Stored records:
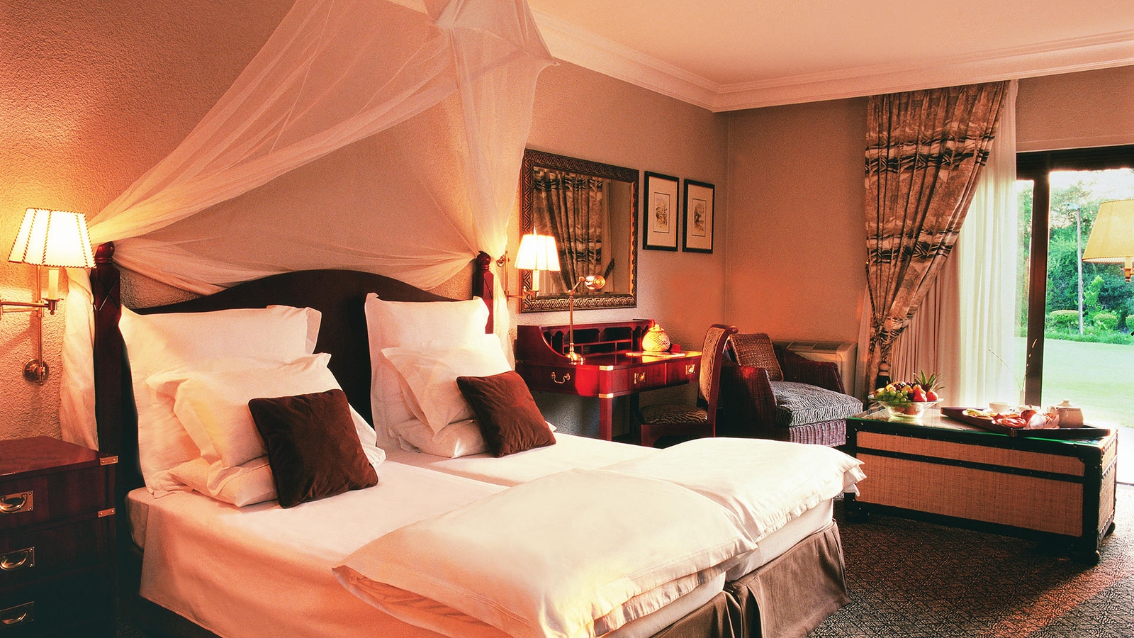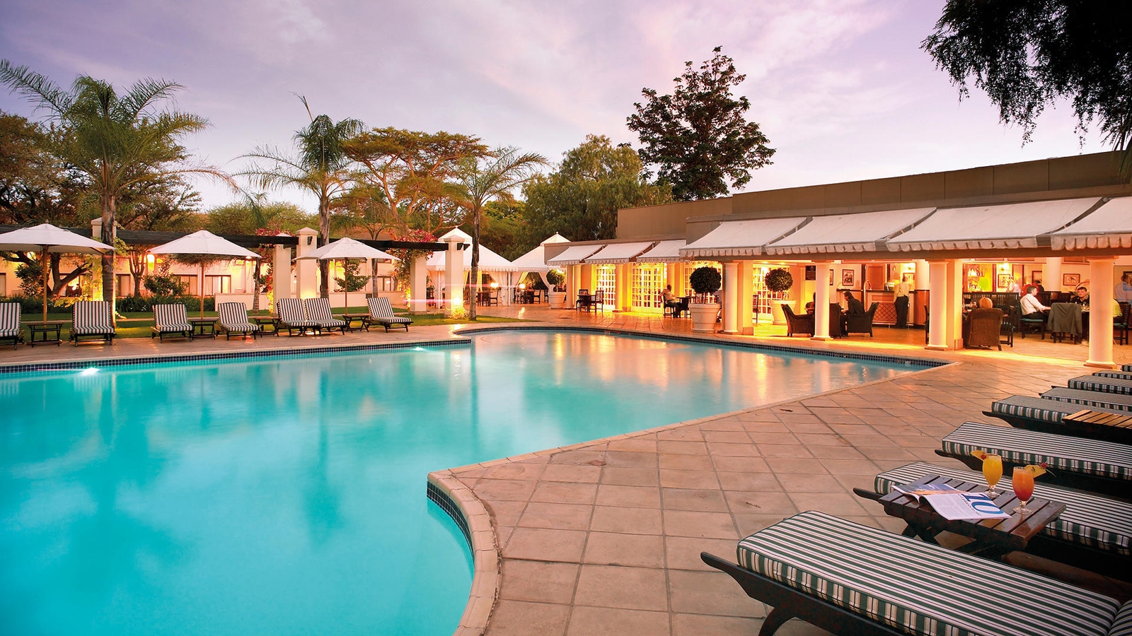 There are 196 comfortable, air-conditioned rooms and suites and the modern hotel also has a casino, outdoor swimming pool, tennis and squash courts. There are a selection of dining option – the Mahogany’s restaurant serves an à la carte menu and the Savuti Grill buffet-style restaurant features delicious carvery – plus 24 hour in-room dinning and several bars.
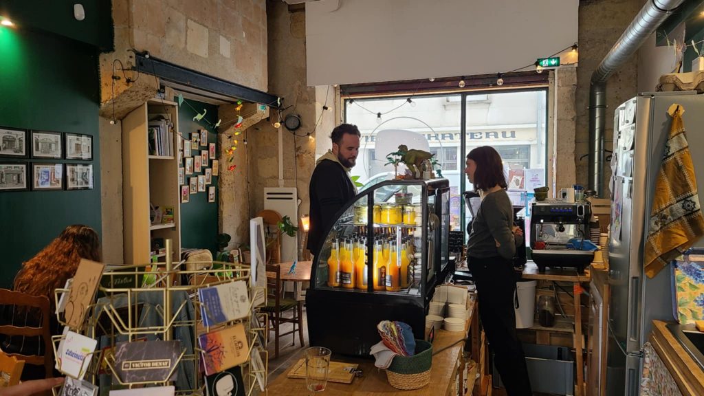 Ouvert en journée du mercredi au lundi, et le soir en cas d’événement, l’endroit la joue en mode coffee shop avec petite restauration maison (les cookies cuisent dans une authentique cuisinière ménagère). Les cafés viennent de la brûlerie tourangelle El Cafecito, les thés, jus de fruits ou aliments sont de maisons de qualité (comme La Fourchette Paysanne). Il y a même de la bière sans gluten.
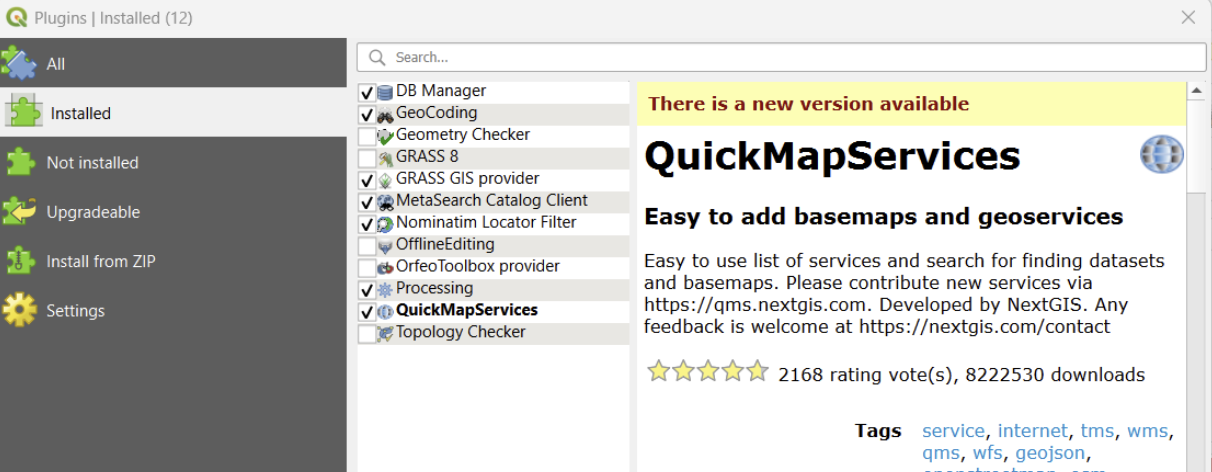 - Select “QuickMapServices” and install it - after which you’ll see it under “Installed”
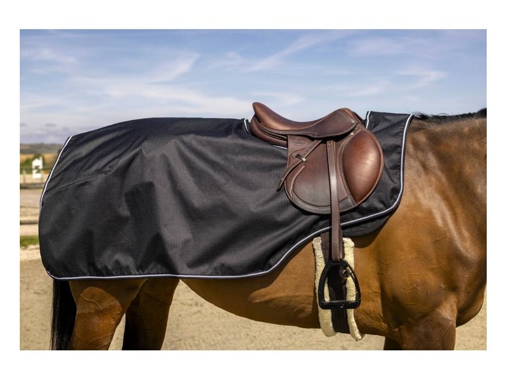 Nepromokavá bederní deka EQUITHEME Tyrex 600D s fleece černá 125cm
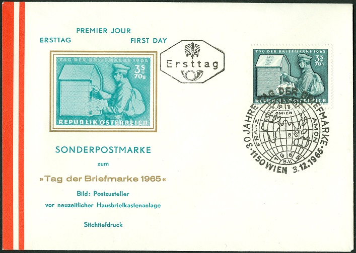 Und ein weiterer Umschlag zum Thema "Tag der Briefmarke 1965" in Österreich.
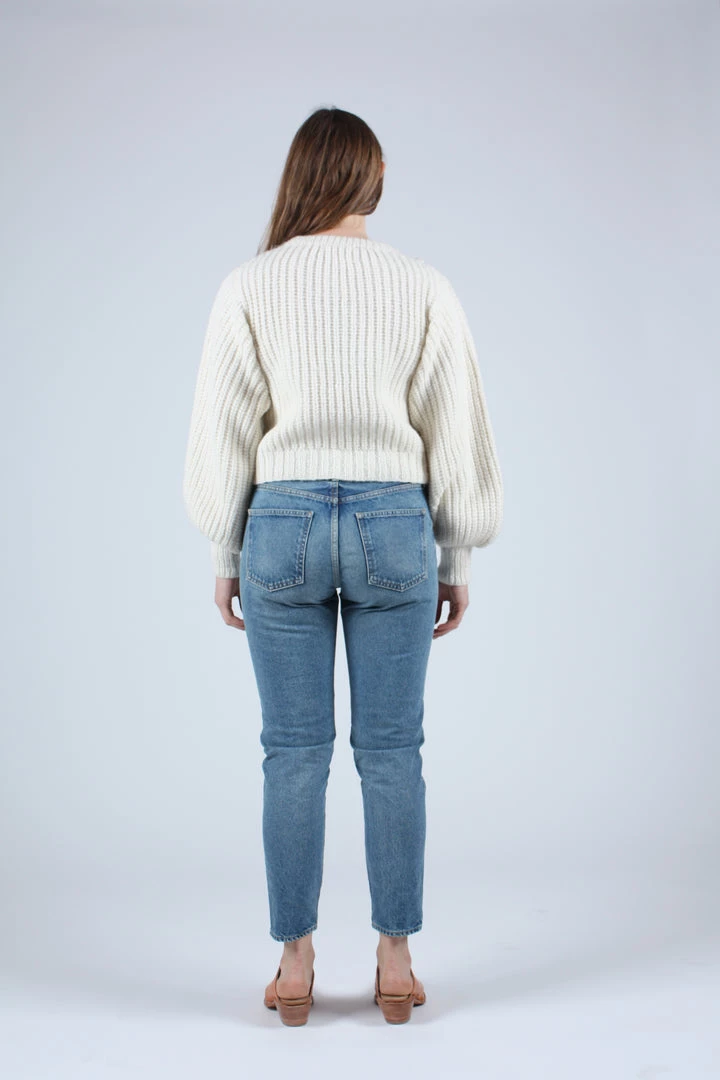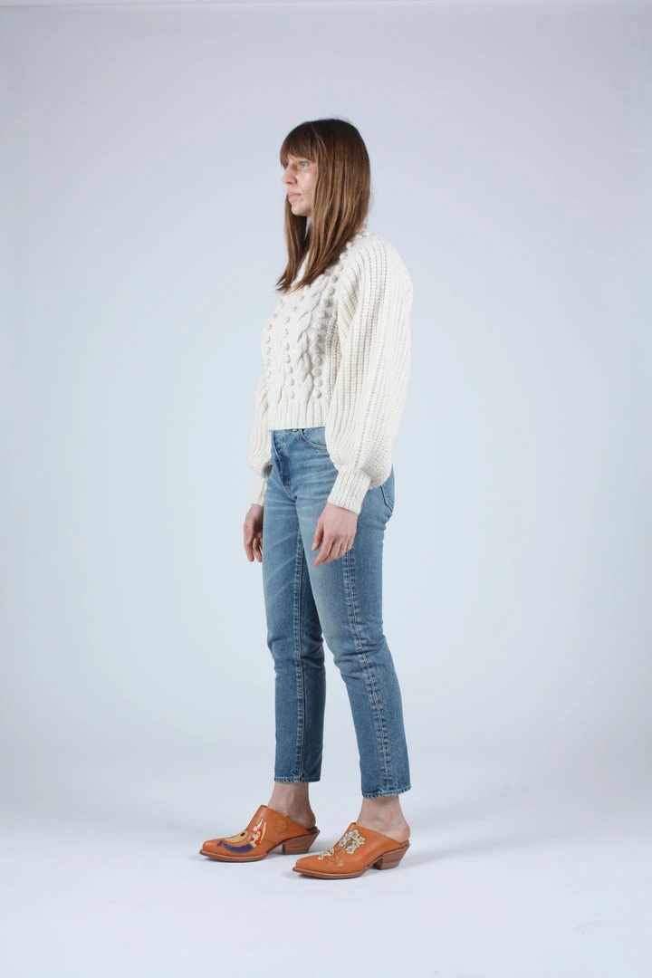 A relaxed and textural sweater with easy body and blouson sleeves. Chunky horse- shoe cable and pop corn stitch front body and fisherman rib stitch on the back body and sleeves. Rib trims at neck, cuffs and bottom hem to control volume.

EXERCISE INSTRUCTIONS: Lines wanted from the entries above: the one with "Ouvert en journée", the one with "and install it", and all lines between. Please copy them exactly, without the pictures and without anything else.

RESPONSE TO THIS TASK:
 Ouvert en journée du mercredi au lundi, et le soir en cas d’événement, l’endroit la joue en mode coffee shop avec petite restauration maison (les cookies cuisent dans une authentique cuisinière ménagère). Les cafés viennent de la brûlerie tourangelle El Cafecito, les thés, jus de fruits ou aliments sont de maisons de qualité (comme La Fourchette Paysanne). Il y a même de la bière sans gluten.
 - Select “QuickMapServices” and install it - after which you’ll see it under “Installed”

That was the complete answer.